Thanks to the groovy guys at Return of the Reluctant for the link

Rebinding companies

Miss Snark, can you explain how rebinding companies work?

Actually, I have no clue. I had to look up "rebinding" to find out it was the process of creating the binding you see on school books and "library bound" books. I've never dealt with that side of the business. Miss Snark strikes out...sorry!

How bikinis get into query letters I do not know...

Miss Snark, you have to understand that people have read that scary Noah Lukeman book, The First Five Pages, and it says stuff like if there is even an itsy-bitsy-teeny-weeny yellow polka-dot indentation on the edge of a single page, then the agent will instantly toss the entire package, because obviously the fool supplicant is sending previously-viewed paper.

Yes I've tossed stuff that was hard to read without more than a cursory glance. I get tired and cranky and impatient with people who send me work that looks like they don't give a damn. Mostly though I try to at least recognize effort and remember sometimes writers just don't know what industry standards are.
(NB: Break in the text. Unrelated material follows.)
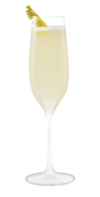 ① シャンパン(又はスパークリングワイン)以外の材料をシェイクし、よく冷やしたフルートグラスに注ぐ。

If you write well enough, I'll let you send me stuff with coffee stains.
But the cold hard truth is that 99.9% of y'all are NOT going to write well enough AT THIS STAGE OF YOUR CAREER to get away with that.

Right now, you need to err on the side of correctness. Which means following the guidelines right down to "no typos" and "no coffee stains" and no "teeny weenie polka dot bikini indentations" either.

This is like the haircut before the job interview; it demonstrates you wish to be taken seriously.

Agents are looking for good writing. It's a whole lot easier to focus on the writing when the words are spelled right, the font is easy to read and the page doesn't resemble Jackson Pollock.

Snarkometer Update

Do I understand correctly the rules of the coming Snark-O-Meter?
1. Coming sometime after Christmas or New Year's. A short window in which to send synopsis.

2. Synopsis is sent by e-mail, no attachments.

3. Synopsis is fewer than 1,000 words. Fewer the better.

4. Miss Snark will critique individually by return e-mail.

5. No use mailing gin gift certificates or rhinestone dog collars.

Nice try bucko.
No dice.
#4 is wrong. All synopses go up on the blog. I know this might make you hesitant to submit your work, but I'm not giving one on one critiques.

#5 is also completely incorrect. All gifts, bribes and tokens of love for Killer Yapp can be delivered to the doorman between 9am and 11am weekday mornings.

Batter up

Miss Snark,

I am an MFA student. Several agents visited our program last year; I signed with Agent A.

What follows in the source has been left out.